The idea of working from home has continued to be greatly accepted in the society and various industries and with it comes a number of pros. First, one working from home does not have a boss or supervisor to look over their shoulder. As much as this eases the pressure from the work place, it also brings out the responsibility in a person to get the job done.
Sign up for a reputable affiliate network: Aside from Amazon, there are dozens of top affiliate programs for bloggers and even large reputable affiliate networks, such as Share-A-Sale, Clickbank, and Skimlinks, that specialize in connecting you with merchants who are looking for affiliates to sell their products. They charge relatively low commission fees for the privilege of connecting you with merchants, and the merchants on these sites tend to offer much higher commission percentages or set dollar amount payouts.
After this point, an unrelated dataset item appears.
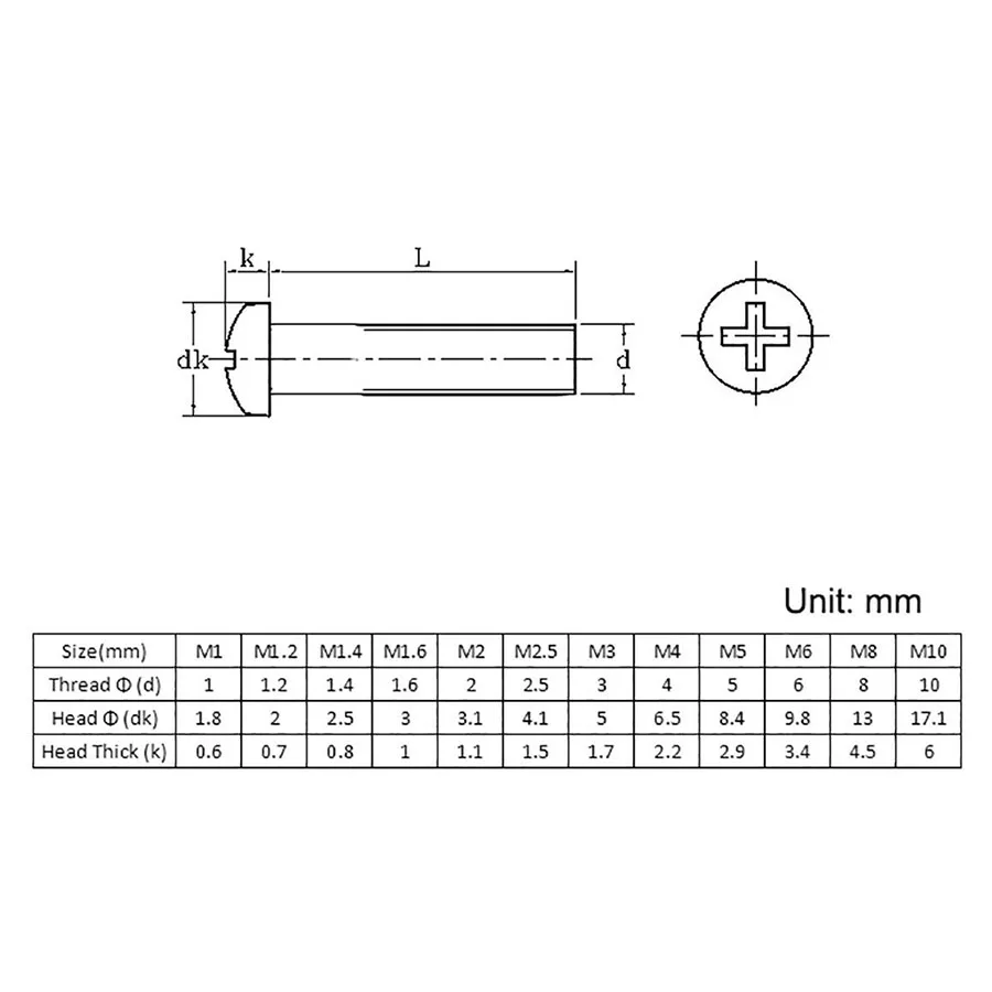 Винты с круглой головкой A2 нержавеющий крестообразный Винт M6 M8 M10
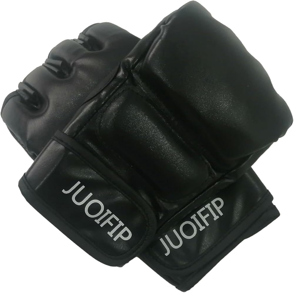 JUOIFIP MMA Boxing Gloves ,Heavy Bag Fighting Training Half Finger Gloves with More Padding , Synthetic Leather Boxing Glove for Training MMA UFC Kickboxing Muay Thai for Men Women

That’s where you — the Facebook ads specialist — can come in. If you learn how to effectively run campaigns and generate leads for a local small businesses, you can earn anywhere from $1,000 – $2,000 per month per client. You don’t need to have a degree or prior experience in the field to get started, and as your portfolio of clients expands, you can start to up your rates and charge more.


The main barrier to entry is having an approved car that is efficient to keep your costs down. But there are lots of stories of Lyft drivers making an extra $1k a week outside of their normal day jobs! Not bad. Plus, this is a fun way to get to know your city, help tourists make plans, and get to know interesting people. Lyft is offering $300 Sign-up Bonus!

And while it will take time to build up a big-enough audience to attract advertisers and other ways to make extra income from your podcast, the opportunity is there. John Lee Dumas interviews entrepreneurs seven days a week for his podcast Entrepreneur on Fire and now makes more than $200,000 a month from it. In fact, John publishes all his income online and showed that he’s made almost $13 million since launching in 2012.

Create a killer course experience: With your course validated and in the works, you need to figure out how people will take it. Most course creators choose to host their courses (after going down the path of learning how to make a website) on their own blogs. This way, they get all the value of bringing customers back to their site on a regular basis. I host my own courses from a subdomain on my own site so I can easily add more. The course experience is incredibly important as well. And after trying most of the solutions, I highly recommend Teachable—an online platform designed specifically for courses.
Even in the age of automation, some jobs still require a human touch. Companies often outsource those jobs via services like Amazon’s Mechanical Turk. These jobs can be tedious — tagging images, transcribing videos, classifying receipts — and can take anywhere from a few minutes to a few hours. Pay depends on the task, and the person requesting the work gets to approve the finished product before paying you. That can leave room for scams, so do your research and join a community like TurkNation, which can steer you away from shifty dealers. Read more about doing tasks on Mechanical Turk.
Double check yourself, before you double wreck yourself. Make sure everything you send to a company, whether a résumé, an email or a portfolio, is good to go. Double check your grammar and wording, and for God’s sake use spell check! This is especially important when it comes to the company’s name. Don’t spell their name wrong and be sure to type it how they type it (e.g. Problogger, not Pro Blogger).